Anybody know? This next fruit is dragon fruit and I was the only one that really liked it. It looks and tastes like white watermelon


but it is speckled with little black seeds. The taste isn't very sweet and I think that's why it isn't popular with us but I liked it because it was wet and refreshing.
This is a massive crab wrapped in some sort of seaweed stuff; It's gotta be about six inches across.
Yeah, right in the regular grocery department, you can find turtles. It was a little shocking to see.
These are all different kinds of clams. They have a lot more choices that we do here in the states.This is just one example of dried fish. They hang from the ceiling in their own section of the fish department. This one is a good 12" wide and 24" long.
These are also dried fish and fish parts. Nothing looked familiar to me.
Can you tell what this is? It is a whole chicken (and I mean whole). They sell every part; even the head. I have lots more pics of food at the other kinds of markets we went to. This next picture is a whole aisle of just
milk; not refrigerated at all. Susie hasn't tried it yet. There is just something about milk that isn't cold.

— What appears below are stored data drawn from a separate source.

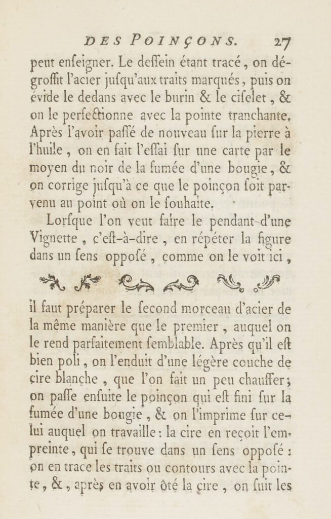 Als men de tegenhanger van de vignette wil maken, dat wil zeggen de vorm gespiegeld herhalen, zoals hier te zien is, moet het tweede stukje staal op dezelfde manier worden voorbewerkt als de eerste, zodat de gelijkenis zo goed mogelijk wordt. Als deze goed glad gemaakt is, dun insmeren met witte was, dat een beetje verwarmd wordt; dan de stempel die al klaar is in de rook van een kaars houden, en deze drukken op de nieuwe stempel: de afdruk komt in de was, in spiegelbeeld: de controuren traceren met de graveernaald, en, nadat de was is verwijderd, de lijnen die de pointe heeft gemaakt, volgen, zoals dat bij de eerste is gedaan; op deze wijze is zeker dat dezelde vorm in tegengestelde richting is herhaald.
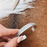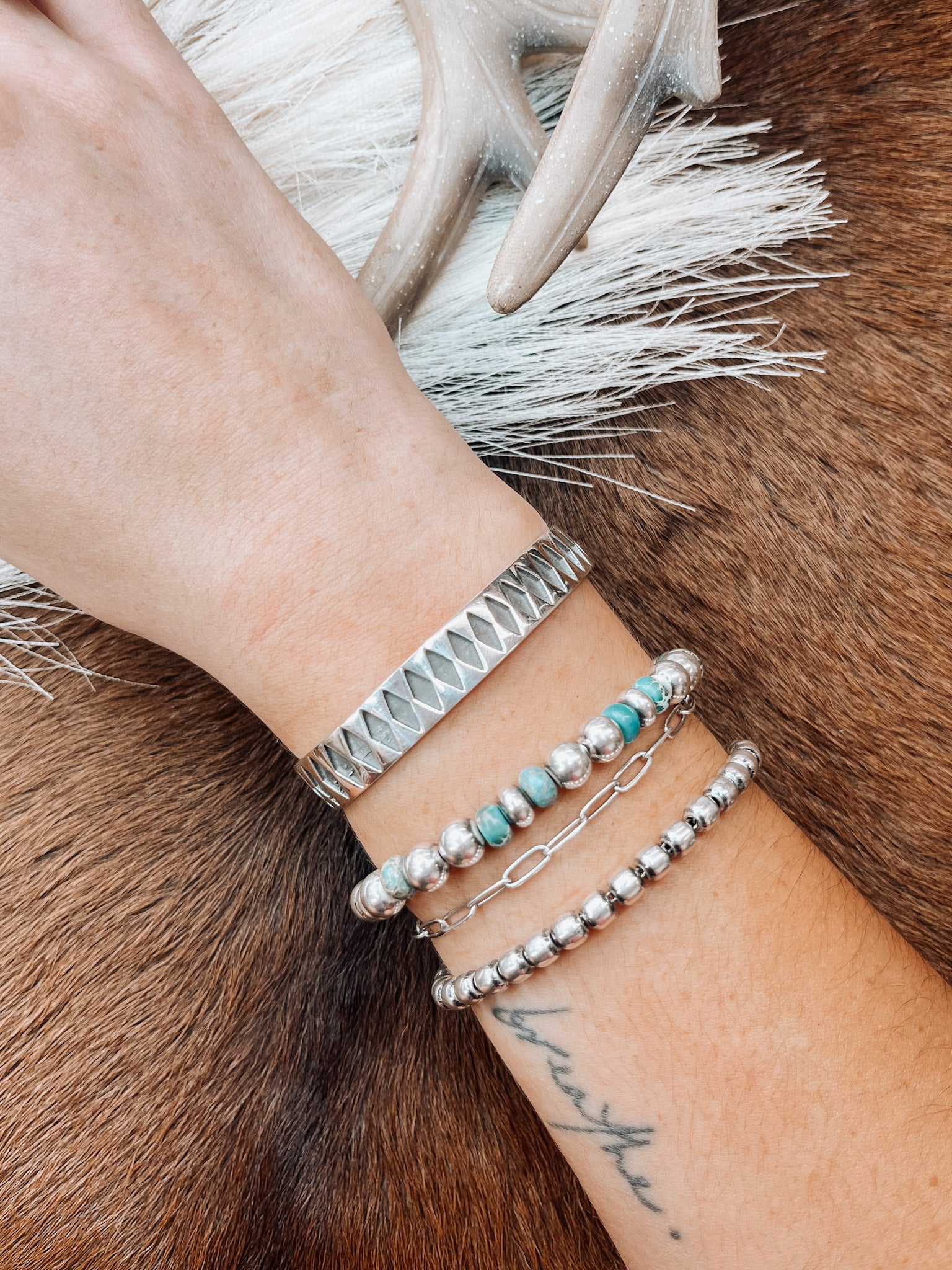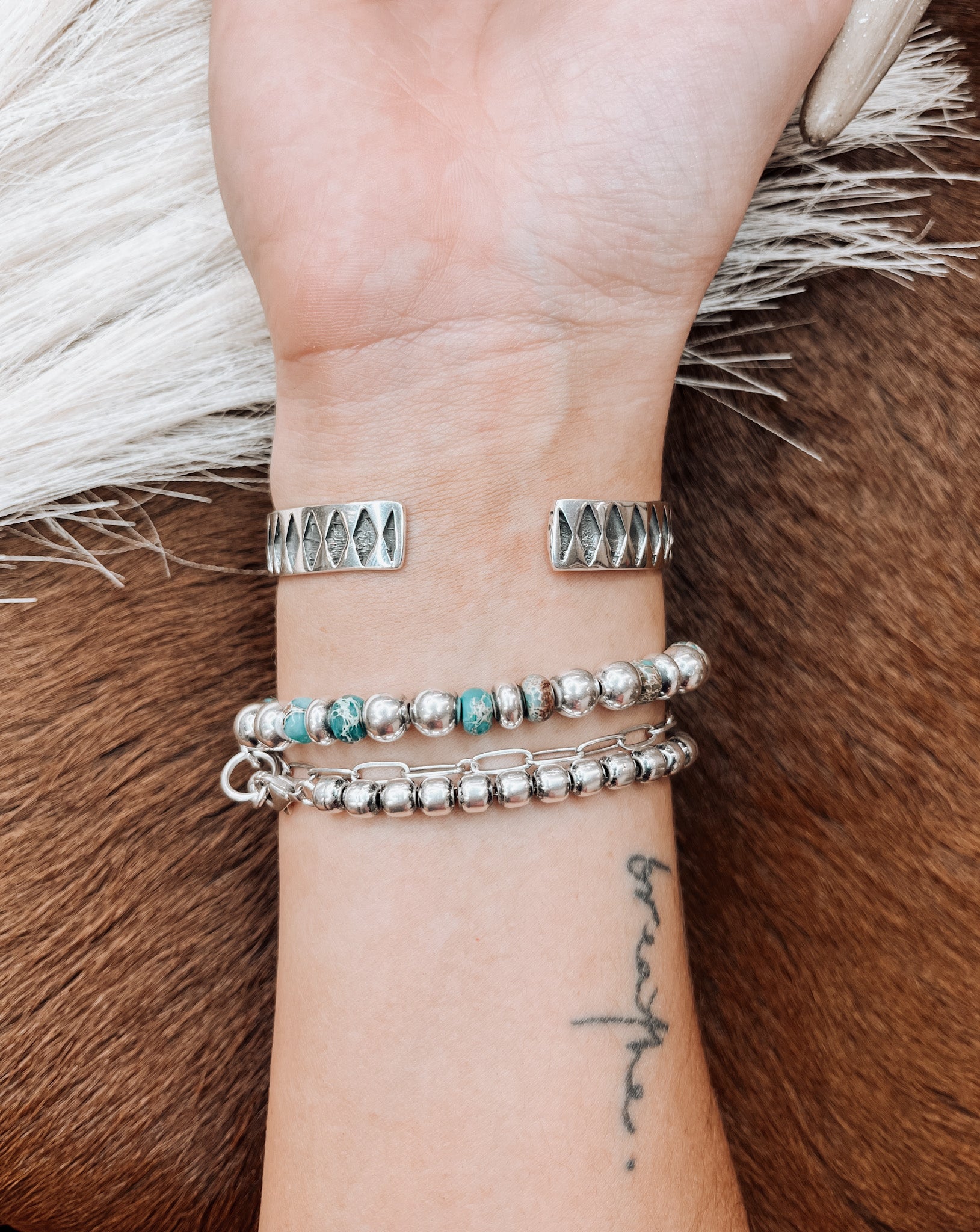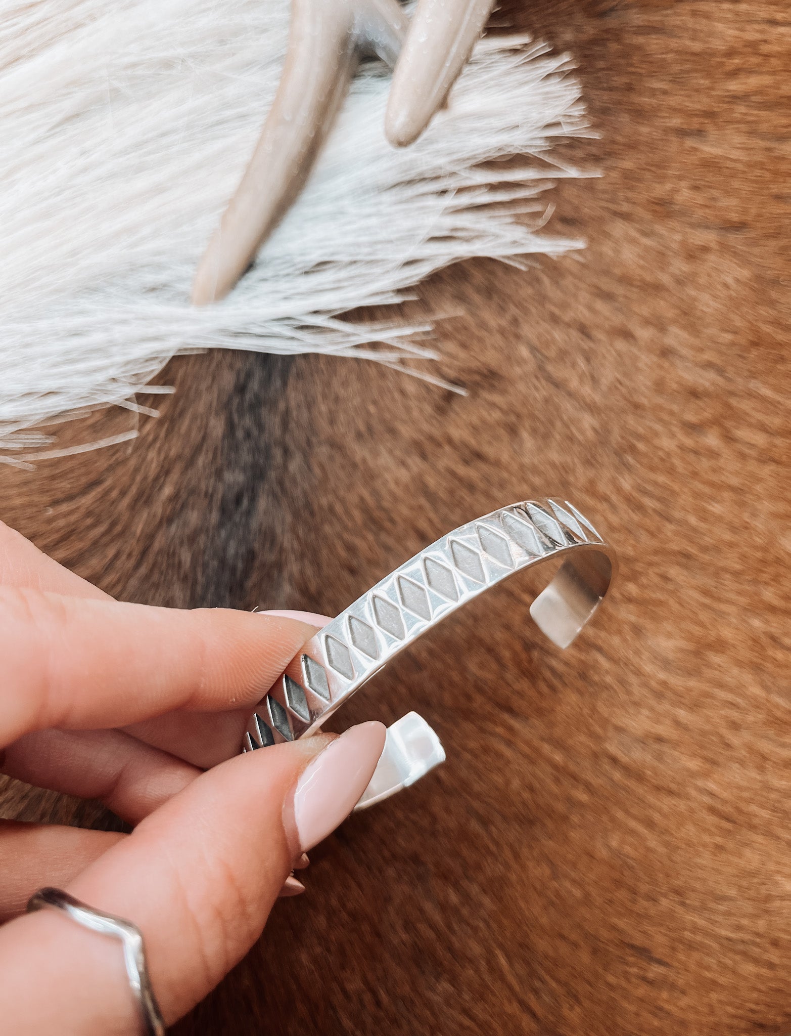 This stunning Oxidized Diamond Cuff is hand-crafted from genuine Sterling Silver and features an inlaid diamond design. Versatile and stylish, it pairs perfectly with other Sterling Silver or Turquoise bangles and cuffs. Embodying sleek simplicity and chic beauty.
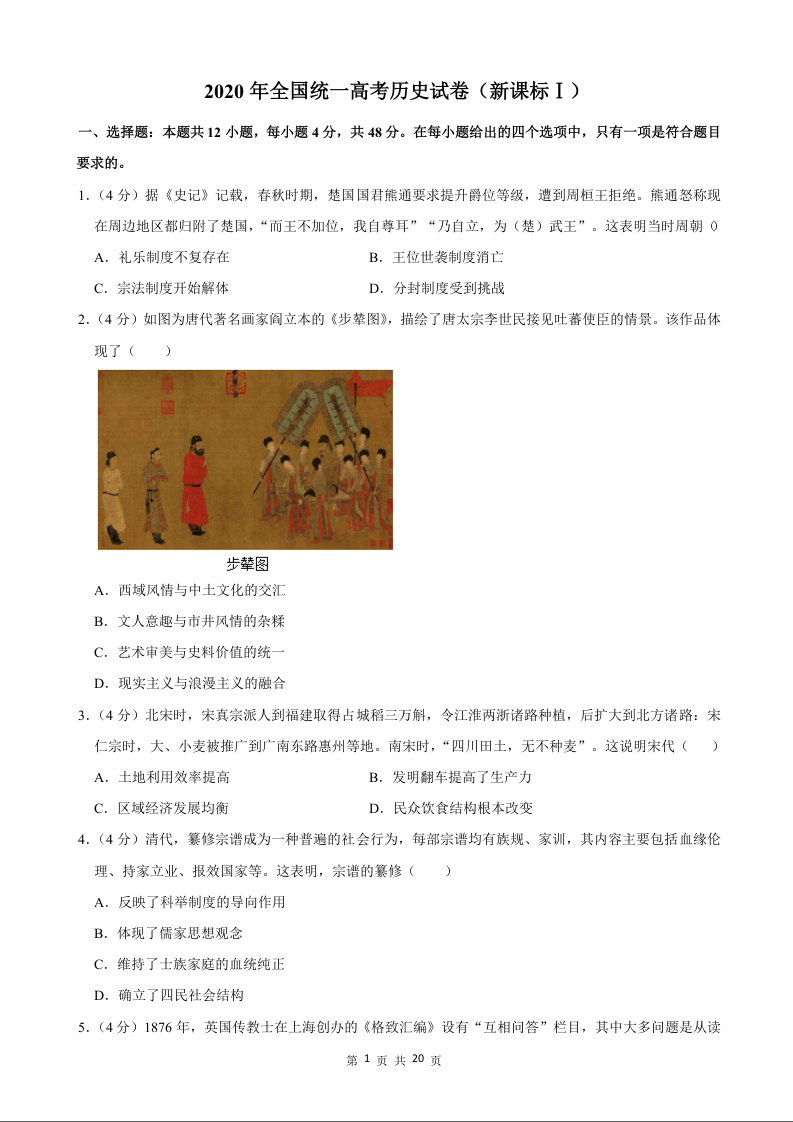 2020年历史高考真题--新课标Ⅰ卷
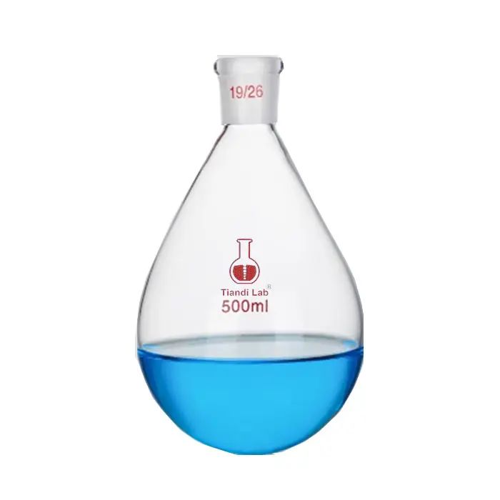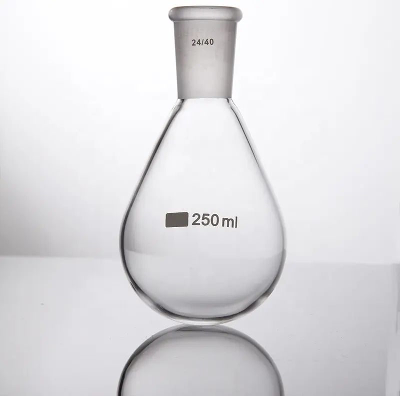 Eggplant shape flasks are generally glass instruments used for heating chemical substances. The materials used are relatively strict. They use high borosilicate glass, which is thin, uniform, and resistant to sudden cooling and heating. Its thermal expansion coefficient is extremely low, only one-third of ordinary glass. This material is not only resistant to high temperatures, but also can withstand drastic temperature changes of 200 degrees, ensures stability during the experiment. It has high hardness, high transparency and corrosion resistance.The lower part is round-bottomed and the upper part gradually narrows. This special shape not only helps stir the solution and reduce the generation of bubbles during the reaction, but also increases the exposed area of the liquid surface, thereby accelerating the reaction process. In addition, eggplant shape flasks are often used in conjunction with rotary evaporators and are widely used in experimental operations such as drug extraction, solvent extraction, and soaking. The unique design of the eggplant shaped flask enables it to be heated evenly during the heating process, reduces the risk of local overheating. It ranges from 10ml to 3000ml to meet different experimental needs and is extremely flexible.
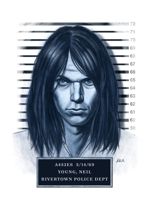 New work: Neil Young is prosecuted for shooting his baby down by the river. Used the great brushes by @kyletwebster
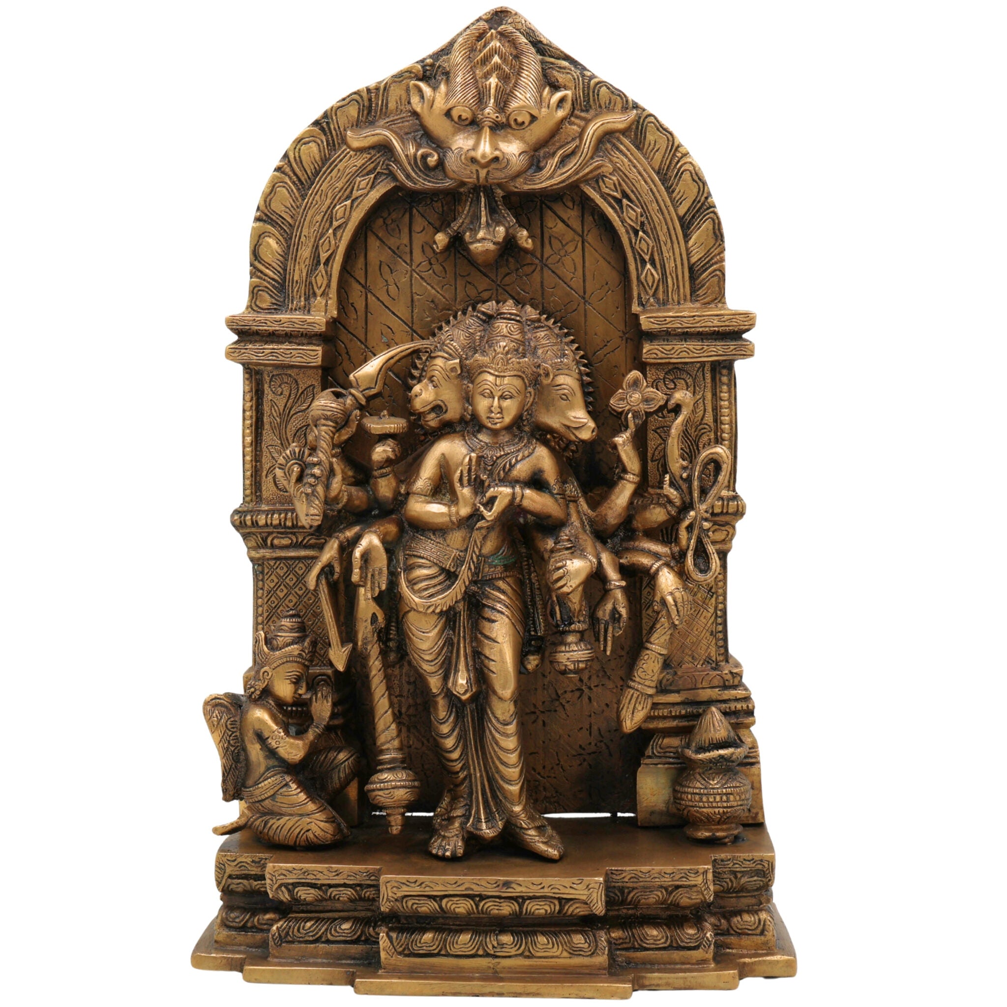 Brass Narasimha Avatar Idol with Garuda & Prabhavali Peetam – Vishnu Dashavatara Statue | Panchaloha Narasingha Murti for Puja, Home & Temple Decor

Here's a picture of the three generations of blond women in China. Grandma Mimi (Jayne), her daughter Susie, and Granddaughter Reese. Are they not cute, or what?

The night found us out with a bunch of young women that live in the same ‘compound’ as Susie. They have a weekly get together where whoever can go out is welcome. We met up at a tapas restaurant. The food and wine was great and we got to meet lots of Susie’s friends. There were Dutch, Israeli, German, Finnish, Norwegian, Aussie and other nationalities in the group.
It was great fun.

2 comments:

dee said...

the spiky fruit is durian-very stinky when open
the pink fruit is dragonfruit-pretty good stuff and supposed to be good for you. I've only had it dried.
Durian tastes like a weird custardy stuff. The stench is famous. People that love it seem not to care.
This is such fun...more please

Cosmos said...

Yup, that spikey fruit is a durian. When I tried it there wasn't much of a smell, I was actually a little disappointed.